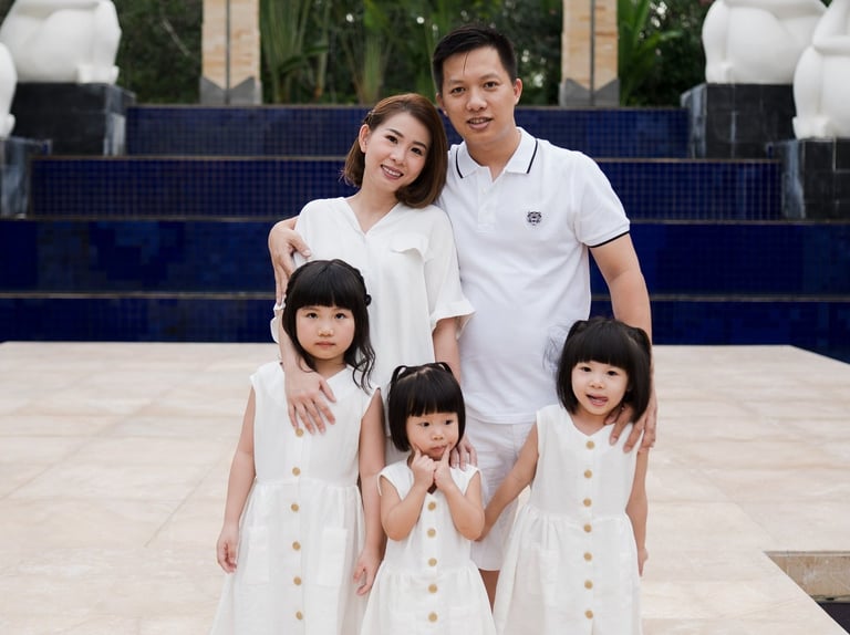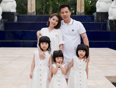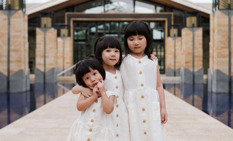 Set against the elegant architecture and coastal gardens of The Mulia Nusa Dua, this family session unfolded with quiet ease. Children moved between open pathways and soft lawns while their parents followed their rhythm — gentle moments forming naturally under the warm Bali light.
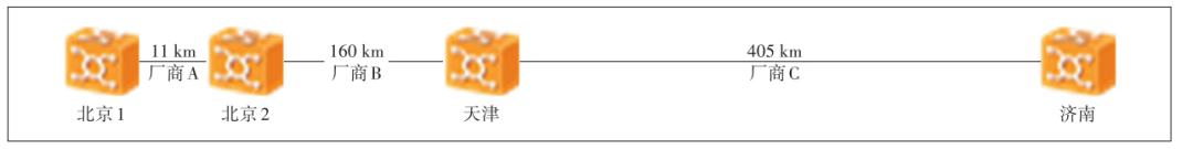 省際干線傳輸網(wǎng)因為覆蓋范圍廣、線路距離長,光層采用點對點WDM 方式分段建設(shè),通常在網(wǎng)絡(luò)建設(shè)時將波道資源規(guī)劃預(yù)留好,如須變更,就需人工現(xiàn)場跳纖,業(yè)務(wù)調(diào)度極不靈活。而且受制于傳輸網(wǎng)絡(luò)的封閉現(xiàn)狀,不同廠商的設(shè)備不能自由互通,如果業(yè)務(wù)途經(jīng)的系統(tǒng)屬于不同廠商,業(yè)務(wù)就需要落地轉(zhuǎn)接,既浪費投資,又增加傳輸時延。圖4所示為一條北京1節(jié)點到濟南節(jié)點的業(yè)務(wù),因為途經(jīng)的3個系統(tǒng)屬于不同廠商,需要占用6塊支線路合一板卡,而實際北京1節(jié)點到濟南節(jié)點的距離僅576km,以目前的技術(shù),業(yè)務(wù)完全可以在光層直接穿通,僅占用2塊支線路合一板卡。
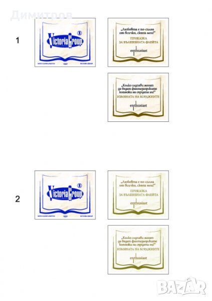 КЪСМЕТЧЕТА за Кафе, Коледни за Баба Марта и др. С ФИРМЕНИЯ ВИ ЗНАК И 2 ЕЗИКА ЕДНОВРЕМЕННО+GSM+Сайт+FB и др. 4.50 за 1пак. (състоящ се от 168бр. късметчета Може да са и по 112бр. в пакет но крайната бройка остава същата за България и 4.90лв за чужбина. КЪСМЕТЧЕТАТА СЕ ИЗРАБОТВАТ НА ВСИЧКИ ЕЗИЦИ! От печат излизат 170пак.
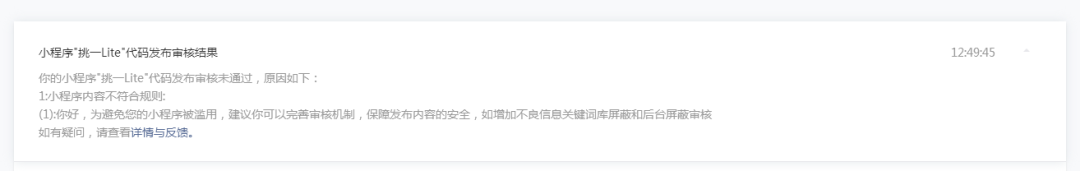 我司小程序新版本V1.0.3,已加入不良信息关键词屏蔽和举报功能,完善了内容审核机制。于18年5月2日提交了审核,但未通过审核,请问是什么原因呢?求解答。
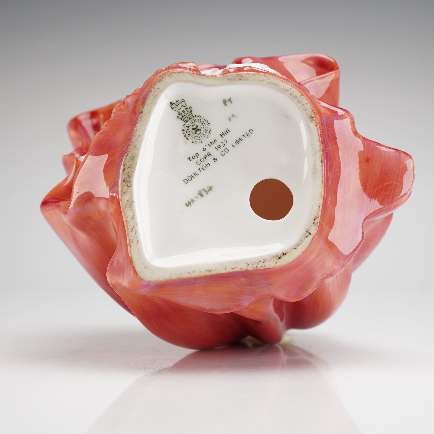 A single glazed bone china figurine manufactured by Royal Doulton, titled Top O' The Hill, model number HN 1834. The figurine depicts a woman in a formal, flowing gown primarily decorated in a glossy reddish-orange color, accented with cream and white detailing on the underskirt and bodice ruffle. She wears a wide-brimmed hat lined in light green. The underside of the figurine features the printed Royal Doulton crown mark, along with the inscriptions Top o' the Hill, COPR 1937, DOULTON & CO LIMITED, and the model number HN 1834.
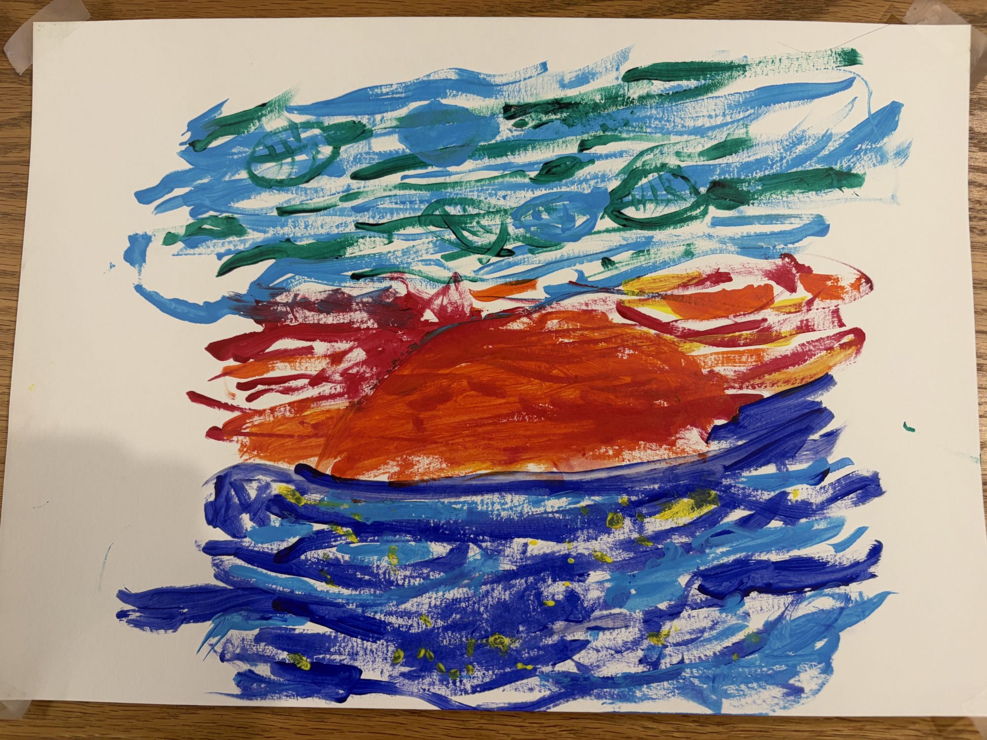 カサカサしたところ、しっとりと気持ちがよさそうなところ、同じ絵の具でも水の使い方でたくさんの表現ができることを学べたと思います。
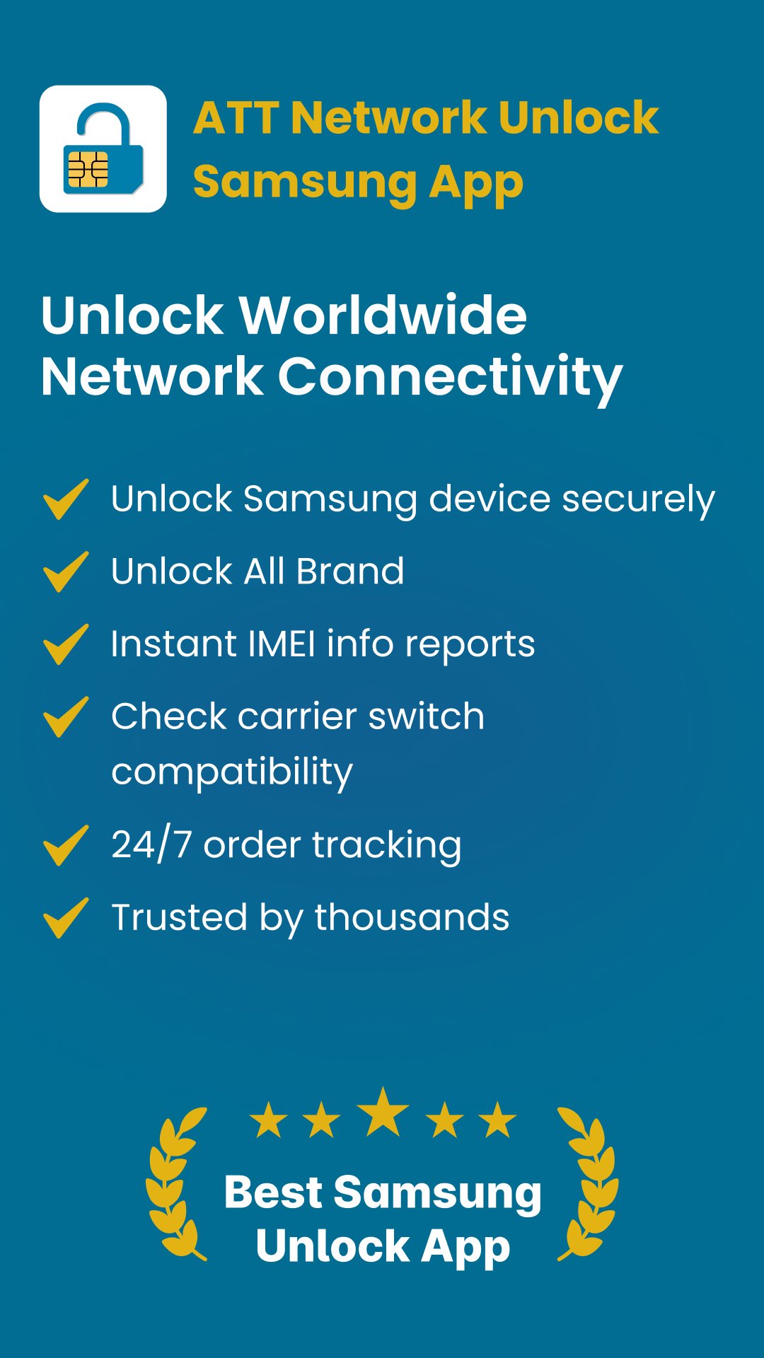 🔓 Unlock your Samsung phone with ease and confidence! Our app offers a range of unlocking options, including free and premium unlock codes, remote unlock codes, and IMEI unlocking. Whether you're looking to unlock the latest Samsung models or older devices, we've got you covered.

###

**The problem**
Omit the pictures. Write out exactly the lines from the one containing "КЪСМЕТЧЕТА за Кафе, Коледни" through the last line of the entries, both of them included.

**Answer**
 КЪСМЕТЧЕТА за Кафе, Коледни за Баба Марта и др. С ФИРМЕНИЯ ВИ ЗНАК И 2 ЕЗИКА ЕДНОВРЕМЕННО+GSM+Сайт+FB и др. 4.50 за 1пак. (състоящ се от 168бр. късметчета Може да са и по 112бр. в пакет но крайната бройка остава същата за България и 4.90лв за чужбина. КЪСМЕТЧЕТАТА СЕ ИЗРАБОТВАТ НА ВСИЧКИ ЕЗИЦИ! От печат излизат 170пак.
 我司小程序新版本V1.0.3,已加入不良信息关键词屏蔽和举报功能,完善了内容审核机制。于18年5月2日提交了审核,但未通过审核,请问是什么原因呢?求解答。
 A single glazed bone china figurine manufactured by Royal Doulton, titled Top O' The Hill, model number HN 1834. The figurine depicts a woman in a formal, flowing gown primarily decorated in a glossy reddish-orange color, accented with cream and white detailing on the underskirt and bodice ruffle. She wears a wide-brimmed hat lined in light green. The underside of the figurine features the printed Royal Doulton crown mark, along with the inscriptions Top o' the Hill, COPR 1937, DOULTON & CO LIMITED, and the model number HN 1834.
 カサカサしたところ、しっとりと気持ちがよさそうなところ、同じ絵の具でも水の使い方でたくさんの表現ができることを学べたと思います。
 🔓 Unlock your Samsung phone with ease and confidence! Our app offers a range of unlocking options, including free and premium unlock codes, remote unlock codes, and IMEI unlocking. Whether you're looking to unlock the latest Samsung models or older devices, we've got you covered.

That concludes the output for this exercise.